Stress or Health Issues
Passion fruit vines are relatively easy to grow and care for! As long as they’re provided the conditions and climate they prefer, they should be happy and healthy. Yet if your passion fruit plant is stressed, unhealthy, deprived of nutrients, or otherwise out of its comfort zone, it is not going to be ready and willing to hand over the goods. And by goods, I mean fruit.
For more information on how to grow and care for passion fruit, including both purple passion fruit and maypops, see this article all about it! Maybe you’ll glean some tips to improve your care routine and help your plant thrive.
Lack of Pollination
Even though passion fruit is self-fertile, the pollen is still required to be moved around the flower – transferred from the anther to the stigma. Because passion fruit pollen is rather thick and sticky, wind doesn’t always do the trick. Instead, carpenter bees and honey bees are the primary pollinators for passion fruit. This means you need bees in your yard! For ideas on how to attract more bees to your garden, check out our list of the Top 23 Plants to Attract Pollinators!
Without adequate bee activity, you may find the need to hand-pollinate the flowers… and so here we are.
HOW TO HAND POLLINATE PASSION FRUIT FLOWERS
Here is your quick passion flower anatomy lesson: the anthers produce pollen. The stigmas want some of that pollen. If this transaction occurs, the passion fruit will develop and grow for you to enjoy! If you look closely at the image below, you can actually see the pre-pubescent passionfruit nestled in the middle of the flower – the ovary, like a tiny green egg.
To hand-pollinate passion fruit flowers, the goal is to collect and transfer pollen from the anther to the stigma.
To do so, you have a couple of options:
Option One: If you’re feeling extra fancy and not up for mutilating plant parts, use a dainty paint brush to collect the pollen from the anther and spread it on the stigmas. There are suggestions out there to do the same using a Q-tip, though I find the cottony texture sticks and holds on to more of the pollen than it actually deposits onto the stigma
Option two requires no tools. Simply pluck off one of the anthers – or as I like to call them – “pollen pads”. Then rub it on all of the stigma bits to deposit pollen. Depending on how much pollen the anther pad has to offer, you should be able to “do” all three stigma bulbs on that flower – and likely have leftovers to spread to other passion flowers as well!
Repeat as needed.

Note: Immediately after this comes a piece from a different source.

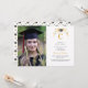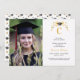 This graduation party announcent design style could be described as grandmillennial or coquette. It features a watercolor crest with a yellow ribbon with a graduation cap on top. You can personalise with an initial and a photo. The back has a coordinating pattern.

During peak flowering season, new flowers will be opening and closing every day!
Notes on Blooms:
- When a flower first opens, sometimes the pollen isn’t very loose and ready on the anther. If you find that to be true, try again later if possible. Some flowers only stay open for one full day, but many of ours bloom for several days. I have found that the pollen is usually most thick and free for transferring when the bloom has been open a while, and is on the decline but not yet closed.
- A passion flower that hasn’t yet bloomed will be either a tightly closed green bud, or a slightly open bud – with fresh white or purple frills sticking out.
- A “spent” or already-bloomed flower will close back up, but will look more faded, old, and even slightly brown in areas. Some spent flowers will naturally fall off the vine, but the ones that will produce fruit stay attached.
- If the pollination was successful, a small passionfruit will begin to develop inside the closed bloom, eventually peeking its way out as it becomes larger and larger!
And that is how you hand-pollinate passion fruit flowers!
What do you think? Does your vine need some help? Are you ready to go diddle your blooms? Well, now you know how!
While the process of hand-pollinating is simple and straightforward, I will admit that it can be tedious. The better long-term solution is to attract and foster a healthy bee population in your yard! Years ago, I hand-pollinated some of our passion flowers as an experiment, but with the gobs of bees buzzing around our garden, I have not found it necessary. Either way, I hope you are blessed with a bountiful harvest of homegrown passion fruit soon!